Перед глазами несчастного проплывали жуткие картины: птицы с горящими крыльями, человек с посохом, который выскальзывает у него из рук и превращается в кобру; трехголовый лев с обожженным телом. Затем Гершом увидел сотни юношей-камнерезов, которые обрабатывали огромную каменную глыбу. Один за другим они погибали. Юноши медленно тонули в камне, словно в воде. Наконец, все, что мог видеть Гершом, — это руки с растопыренными пальцами, которые, казалось, пытались вырваться из своей каменной гробницы. Его непрерывно преследовали голоса. Один был похож на голос его деда — суровый и беспощадный. Другой принадлежал его матери, умолял Гершома хорошо себя вести. Гершом попытался ответить ей, но потрескавшиеся губы не слушались, а язык присох к небу. Потом он услышал голос маленького брата, который умер прошлой весной: «Иди ко мне, брат. Мне здесь так одиноко».

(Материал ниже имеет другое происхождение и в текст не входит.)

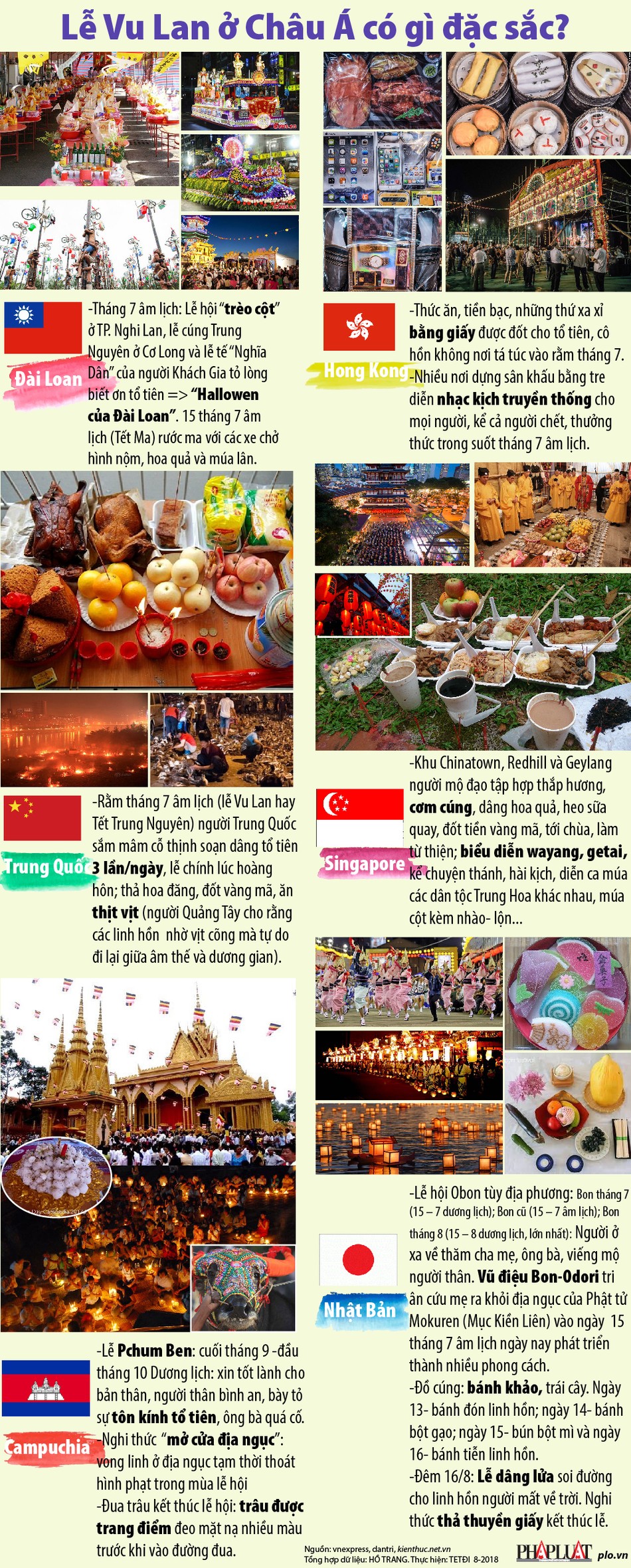 (PLO)- Nếu như Việt Nam có ngày lễ Vu Lan thì các nước, vùng lãnh thổ Châu Á cũng có lễ hội với ý nghĩa tương tự nhưng với tên gọi khác, đó là lễ hội Pchum Ben ở Campuchia, Obon ở Nhật, tết Ma ở Đài Loan...
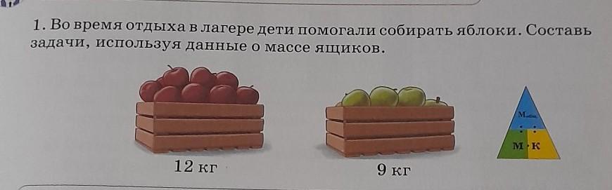 В 1 ящике было 12 кг яблок, а во втором — 9 кг. На сколько кг меньше яблок во 2 ящике, чем в 1 ящике?
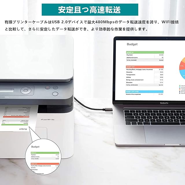 使い方は簡単:ドライバー不要、プリンターに接続だけで使用可能なUSB2.0 Type Bケーブルです。プリンターとパソコンに接続し、すべてのファイルと写真をはっきりと印刷し、歪まないようにできます。ご注意:ご購入の前に、お使いのデバイスはUSB 3.0 Type Bではなく、USB2.0 Type Bのインターフェースを予めご確認ください。
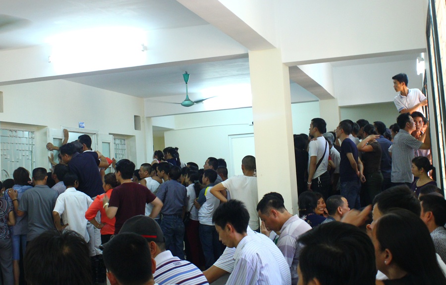 Sáng 26/6, TAND Hà Nội mở phiên tòa sơ thẩm xét xử 8 bị cáo về hành vi Giết người. Hàng trăm người là thân nhân của các bị cáo đã đến dự khán. Căn phòng 301 không đủ chỗ ngồi, nhiều người đứng trước cửa xô đẩy nhau, thậm chí có thanh niên trèo lên cửa sổ để ngó vào phòng xử.
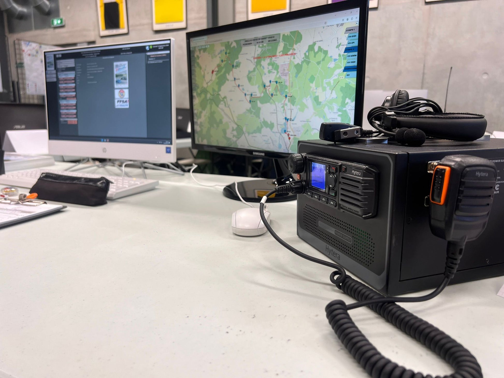 El gabinete de la estación base de escritorio suministra energía a la radio móvil a través de la red eléctrica o una batería de respaldo.

Раненый и измученный, он уже готов был сдаться, но обломок доски наклонился, и юноша открыл свои налитые кровью глаза. Гершом увидел черную лошадь, плывущую по морю. Затем он почувствовал, как что-то коснулось его тела. Лысый великан с раздвоенной бородой плыл к нему. Гершому он показался знакомым, но вспомнить, откуда он его знает, не смог.
— Он жив! — донесся до него чей-то крик.
— Тащите канат. — Человек обратился к нему. — Ты можешь отпустить доску. Теперь ты в безопасности.
Гершом продолжал держаться за обломок палубы. Голоса соблазняли его уступить смерти. Доска ударилась о борт корабля. Гершом посмотрел на ряд весел у себя над головой. Люди наклонились с борта судна, обвязали веревку вокруг его талии, и он почувствовал, как его поднимают из воды.
— Отпусти доску, — велел ему бородатый спасатель.
Теперь Гершом уже сам захотел это сделать, но не смог. Он не чувствовал своих рук. Великан мягко разжал его пальцы. Канат натянулся, и египтянина достали из воды и перетащили за борт, он упал на палубу. Гершом закричал, когда его обожженная спина коснулась шершавого дерева. От крика заболело пересохшее горло. Черноволосый юноша с пронзительными голубыми глазами присел рядом с ним и велел принести воды. Гершому помогли сесть и поднесли ко рту чашу с водой. Сначала у него не получалось глотать. Все его попытки напиться закончились неудачей.
— Медленно! — посоветовал голубоглазый юноша, — подержи воду во рту. Пусть она стечет вниз.
Пополоскав рот, египтянин снова попытался сделать глоток. Небольшое количество воды попало ему в горло. Ему показалось, что он не пробовал ничего более вкусного. Потом Гершом потерял сознание.
Когда Гершом пришел в себя, то увидел, что лежит под временным навесом, который установили на носу корабля.
Рядом с ним сидел веснушчатый мальчик. Мальчик увидел, что раненый открыл глаза, вскочил и куда-то побежал. Через несколько секунд его спаситель склонился под навесом и сел рядом с Гершомом:
— Мы снова встретились, египтянин. Ты — счастливый человек. Если бы мы задержались, то потеряли бы тебя. Меня зовут Зидантос.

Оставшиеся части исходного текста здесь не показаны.